Despite bad news from America’s naval shipbuilding programs, the U.S. maritime industry is awakening from decades of slumber. With America’s big legacy shipyard sites in Virginia, California and elsewhere unable to easily expand, the U.S. Government has an obligation to identify America’s next centers of maritime industrial growth. A national competition is in order, where the winners get decades of guaranteed waterfront development and thousands of steady jobs.
As a start, the U.S. government—the U.S. Maritime Administration, the U.S. Navy, the Department of Homeland Security, and the Federal Maritime Commission—can, if pushed by an engaged White House, move quickly to identify and survey a handful of potential “maritime opportunity zones,” where modern maritime industries can, with a little government help, break new ground.
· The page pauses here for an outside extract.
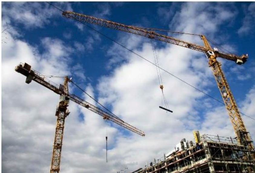
Encore plus de projets de construction : Israël a besoin de plus de logements

Le gouvernement vient de présenter un programme ambitieux pour modifier la donne. Entre 2022 et 2025, 500 000 nouveaux logements vont être construits et la taxe pour les achats aux fins d'investissement va être portée à 8 pour cent tandis que celle pour les constructions sur des terrains privés va être abaissée. Par ailleurs, le gouvernement veut interdire l'utilisation d'appartements privés à des fins professionnelles dans tout le centre d'Israël, à l'exception des jardins d'enfants ainsi que leur utilisation pour l'hébergement de tiers contre paiement (par exemple via Airbnb).

In Florida, the Jacksonville region offers an ideal template for aggressive maritime development. As a port, Jacksonville has long been overshadowed by larger, more strategically located harbors on America’s Atlantic coast. But Jacksonville’s urban waterfront hasn’t been subjected to overwhelming residential growth, nor has the local economy moved away from the basic “blocking and tackling” of military support work. The region is decidedly pro-business, and there’s plenty of space for the maritime industry to expand along the St. Johns River.
In total, the St. Johns River basin offers a solid, modestly-sized blend of government and commercial customers, a functional shipbuilding industry, and a relatively untapped workforce, all within an easy cruise to the deep waters of the Atlantic Ocean.
The region is already committed to the maritime. It has fought hard to keep their harbor and maritime-oriented military bases active, full and busy. Jacksonville’s port, or JAXPORT, isn’t known as a national leader in vessel or cargo throughput, but it is one of only 17 U.